Key Clinical Pearls (Exam-Focused)

• PAD is a systemic atherosclerotic disease: Always think beyond the limb; PAD patients have a high risk of MI and stroke. Managing cardiovascular risk is as important as treating claudication.
• Classic claudication triad: Reproducible exertional pain in a muscle group, relief with rest, and recurrence with a similar degree of exertion; calf claudication usually indicates femoropopliteal disease.
• ABI thresholds: <0.9 diagnostic of PAD; <0.4 indicates severe disease; >1.4 suggests noncompressible vessels (consider TBI).
• Leriche syndrome: Aortoiliac occlusion presenting with buttock/thigh claudication, impotence, and decreased femoral pulses.
• Differentiate PAD from neurogenic claudication: Neurogenic claudication (lumbar spinal stenosis) is relieved by flexion or sitting, not just stopping; pain may ascend proximally and is less predictable with exertion.
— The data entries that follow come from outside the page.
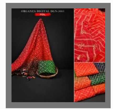
Organza Digital Print Foil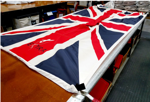
Custom Full-Cover Artwork

This cover type is made from Silver Acrylic Sunbrella canvas and is 100% lined with a soft and smooth microfiber. Bruce's Custom Covers developed this material combination especially for aircraft protection. The outer material is medium weight and treated for water resistance, UV resistance and anti-static buildup. The inner lining is a very soft and smooth microfiber to prevent scratching. The material is very reflective, and tests show that the cabin interior temperature can be reduced to near-ambient temperature on the hottest of days. It is water, ice and snow repellent, yet breathable to allow moisture to escape from between the cover and the aircraft surface.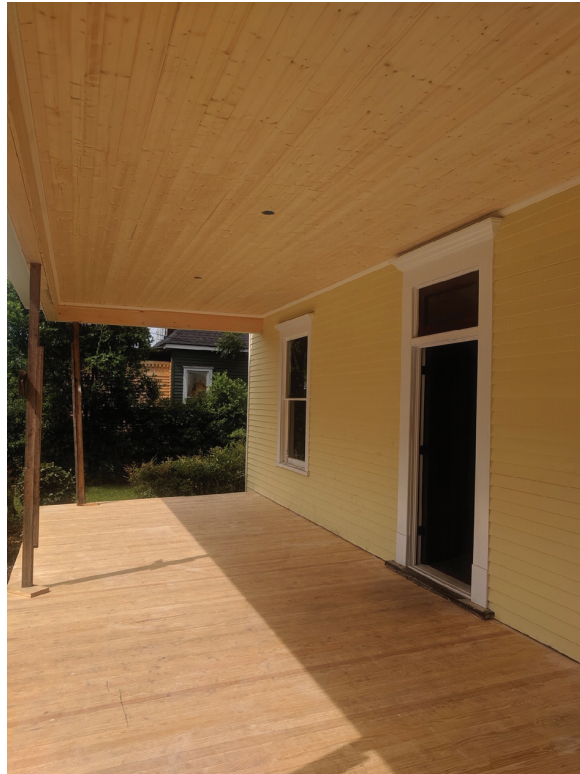
Front porchwork on 2909 10th Avenue

To date, Historic Columbus has rebuilt the entire roof structure, front porch, and cleaned out the interior. Most recently, the charred wood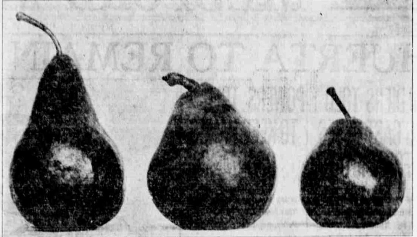
That there is money in pears is shown by the average prices received during the years 1907 to 1912, inclusive: Bartlett $1.35, Howell $1.95, Anjou $2.50, Bosc $2.50, Comice $2.45, Winter Nellis $1.65. Arranged in order of their ripening period: Bartlett, Howell, Anjou, Bosc, Comice, Winter Nellis.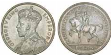
571* George V, 1934-35 Melbourne Centenary. Lightly toned, uncirculated.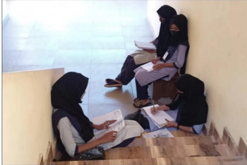
Figure 1: “The photo of the girls sitting on the stairs of the college that went viral on social media.” 2

teacher immediately shouted at them: “Get out.” 1 The latter incident clearly reveals a certain level of hatred. Barring students from entering the classroom and making such derogatory comments are not justifiable in the name of “social harmony.”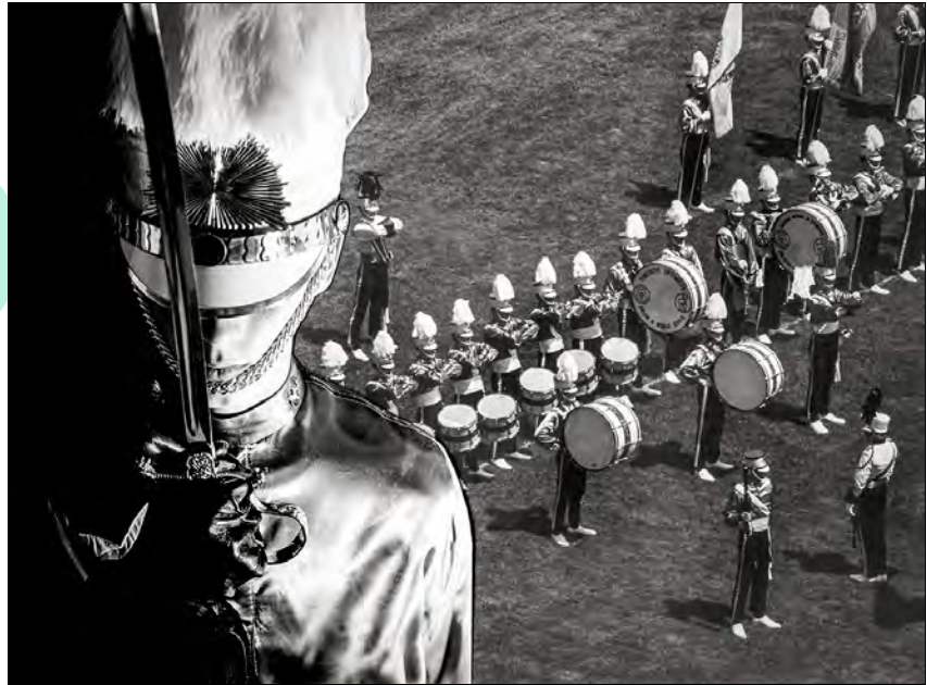
1967: Toronto Optimists Promo photo

The field show was shaping up nicely, at an early date. This was a good thing because there were more contests lined up this year than ever before in the history of the Corps. This was one factor that made it seem less of a hobby, leaning more toward a way of life. These schedules bore little resemblance to those of the early days, and it was either go along with it or fade away. In keeping with current trends, the Corps, as planned, was to be the largest one fielded yet with forty-two horns 13 , five tenors and four snare drums, with bass, rudimental bass drums, and two cymbals. The guard would field sixteen members. As noted before, the new numbers and instrumentation, all over, were changing the face of Drum Corps.

• First-line therapy for claudication: Risk factor modification, antiplatelet therapy, statins, and supervised exercise; revascularization is considered when symptoms remain disabling.
• Cilostazol improves walking distance in claudication but is contraindicated in heart failure.
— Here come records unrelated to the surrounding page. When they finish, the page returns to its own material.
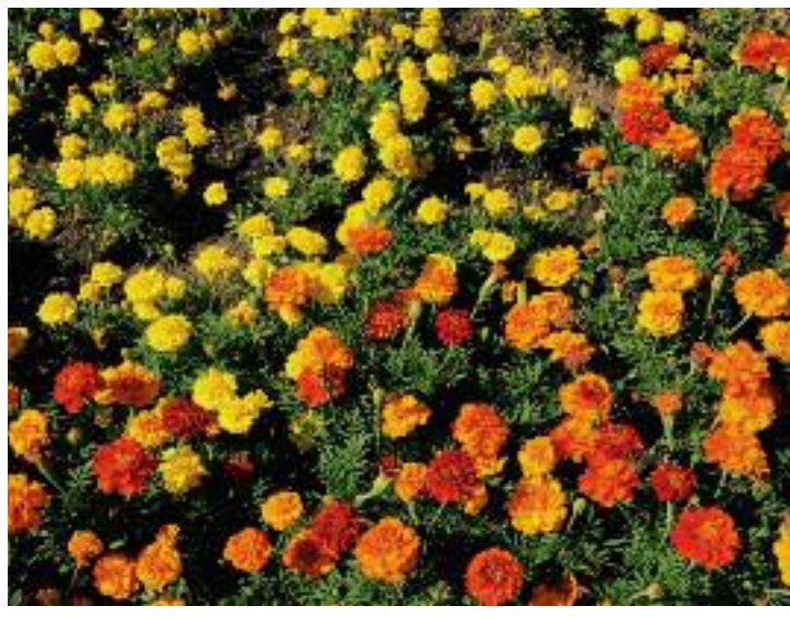
Marigolds are a favorite summer plant.

Take care of your birds and they will take care of your garden. Life is for the birds!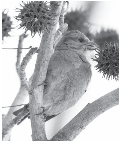
Female Red Crossbill. Eastern Illinois University, McLean County. 2 March 2013.

MC: 20, 2 Jun, Sand Ridge SF (Mason Co) (JAS); 12, Champaign , 14 Apr (SAW); 8, Sand Ridge SF (Mason Co), 23 Mar (AGi); 5, Charleston (Coles Co), 13-14 Mar (TDF); 5, South Shores P, Decatur (Macon Co), 1 Mar (TAM). LD: 2 Jun (see above); 14 Apr (12) (see above); 14 Apr (4), Palos Park (Cook Co) (MC, JC), 7 Apr (5), Busey Woods (Urbana) (MM-L); 7 Apr (5), Woodlawn Cemetery (Urbana) (MM-L). Others: 1 Mar (5), Volo Bog SNA (Lake Co) (SDB); 3 Mar (3), Charleston (Coles Co) (RBR); 14 Mar (4), Jackson (JSu); 21 Mar (2), Oregon (Ogle Co) (DTW); 30 Mar, Spfld (HDB).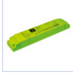
19359 INV P&L LED SE/SA 3H 20-60V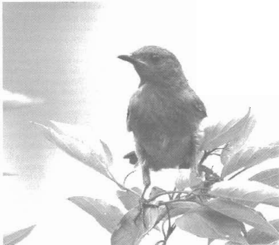
A juvenile Eastern Bluebird: Enjoy bluebirds and other species on the Sam's disc set.

If you prefer to order on-line using PayPal, visit www.nabluebirdsociety.org/2005gift . Please order by Dec. 9 to ensure Christmas delivery. Payment must be in U.S. funds.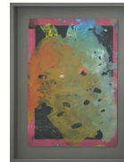
Hugo Canoilas The house taken by a bronze anonymous light , 2013 Lacquer on printed paper

• Critical limb ischemia requires prompt revascularization assessment: Features include rest pain, non-healing ulcers, or gangrene; delay increases risk of major amputation.
• Always examine pulses and feet in diabetics and smokers: PAD is frequently silent until advanced; early detection can prevent limb loss.
• Use PAD as a red flag for aggressive prevention: Treat these patients like coronary artery disease equivalents in terms of risk reduction.

Summary for Exams

Peripheral artery disease is an atherosclerotic occlusive disorder of the limb arteries, most often affecting older patients with cardiovascular risk factors such as smoking, diabetes, hypertension, and hyperlipidemia. Intermittent claudication is the classic symptom, but many patients are asymptomatic or have atypical leg pain. PAD is diagnosed using the ankle-brachial index (ABI), with values <0.9 indicating disease. Management focuses on smoking cessation, statins, antiplatelet therapy, blood pressure and glucose control, and supervised exercise. Cilostazol can improve walking distance in appropriate patients, while endovascular or surgical revascularization is reserved for lifestyle-limiting claudication not responsive to conservative therapy and for chronic limb-threatening ischemia.